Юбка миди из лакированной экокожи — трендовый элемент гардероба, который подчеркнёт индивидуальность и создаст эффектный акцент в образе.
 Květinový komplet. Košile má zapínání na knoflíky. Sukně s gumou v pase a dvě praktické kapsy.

§

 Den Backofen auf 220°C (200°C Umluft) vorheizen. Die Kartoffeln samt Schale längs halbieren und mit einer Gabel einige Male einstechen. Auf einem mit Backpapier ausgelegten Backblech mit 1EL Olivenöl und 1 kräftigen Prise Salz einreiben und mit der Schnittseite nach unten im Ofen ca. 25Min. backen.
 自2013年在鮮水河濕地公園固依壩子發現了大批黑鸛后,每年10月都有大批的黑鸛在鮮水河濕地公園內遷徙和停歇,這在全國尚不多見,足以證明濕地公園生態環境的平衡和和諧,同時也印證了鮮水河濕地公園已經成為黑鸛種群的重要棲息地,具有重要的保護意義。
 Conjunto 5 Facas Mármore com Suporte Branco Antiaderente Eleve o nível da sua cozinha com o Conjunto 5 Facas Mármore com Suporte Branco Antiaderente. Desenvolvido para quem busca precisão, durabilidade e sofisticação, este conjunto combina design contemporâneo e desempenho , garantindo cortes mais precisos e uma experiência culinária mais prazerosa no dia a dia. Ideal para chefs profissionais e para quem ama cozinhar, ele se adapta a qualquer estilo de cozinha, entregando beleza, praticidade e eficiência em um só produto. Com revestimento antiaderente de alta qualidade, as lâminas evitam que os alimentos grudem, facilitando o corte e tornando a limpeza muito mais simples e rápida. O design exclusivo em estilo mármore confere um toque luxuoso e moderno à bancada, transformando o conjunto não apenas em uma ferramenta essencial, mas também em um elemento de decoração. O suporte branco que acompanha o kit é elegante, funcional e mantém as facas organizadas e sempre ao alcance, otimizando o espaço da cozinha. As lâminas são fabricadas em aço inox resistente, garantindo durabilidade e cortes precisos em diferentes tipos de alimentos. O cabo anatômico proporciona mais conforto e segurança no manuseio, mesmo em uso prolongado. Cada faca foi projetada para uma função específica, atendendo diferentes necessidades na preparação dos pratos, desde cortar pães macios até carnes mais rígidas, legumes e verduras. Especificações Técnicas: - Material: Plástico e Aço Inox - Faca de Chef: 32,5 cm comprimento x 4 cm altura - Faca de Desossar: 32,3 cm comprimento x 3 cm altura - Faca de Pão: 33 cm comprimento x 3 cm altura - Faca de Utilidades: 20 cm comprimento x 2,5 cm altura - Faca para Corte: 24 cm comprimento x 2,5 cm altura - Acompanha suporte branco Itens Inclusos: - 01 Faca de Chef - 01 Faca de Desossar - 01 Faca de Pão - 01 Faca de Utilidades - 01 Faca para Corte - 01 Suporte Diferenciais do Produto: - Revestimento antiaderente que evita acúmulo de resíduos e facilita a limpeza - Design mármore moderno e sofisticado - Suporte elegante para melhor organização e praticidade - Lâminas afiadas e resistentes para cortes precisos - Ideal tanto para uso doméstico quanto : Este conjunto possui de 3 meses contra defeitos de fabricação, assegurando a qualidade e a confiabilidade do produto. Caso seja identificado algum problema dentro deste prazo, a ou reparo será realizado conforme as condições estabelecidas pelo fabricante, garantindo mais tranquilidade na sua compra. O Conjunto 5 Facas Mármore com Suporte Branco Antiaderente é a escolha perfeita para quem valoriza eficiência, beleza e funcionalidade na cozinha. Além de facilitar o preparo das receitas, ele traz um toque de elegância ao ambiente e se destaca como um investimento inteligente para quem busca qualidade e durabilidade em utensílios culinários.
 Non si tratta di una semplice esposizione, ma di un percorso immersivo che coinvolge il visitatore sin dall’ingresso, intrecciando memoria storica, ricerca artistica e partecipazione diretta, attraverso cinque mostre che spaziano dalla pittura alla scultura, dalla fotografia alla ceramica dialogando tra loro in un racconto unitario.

§

▶ **GOAL OF THE EXERCISE**:
Working from the material above, restate word for word the lines between the line with "Юбка миди из" and the line with "Květinový komplet. Košile", both included, and only those.

▶ **REPLY TO THE EXERCISE**:
Юбка миди из лакированной экокожи — трендовый элемент гардероба, который подчеркнёт индивидуальность и создаст эффектный акцент в образе.
 Květinový komplet. Košile má zapínání na knoflíky. Sukně s gumou v pase a dvě praktické kapsy.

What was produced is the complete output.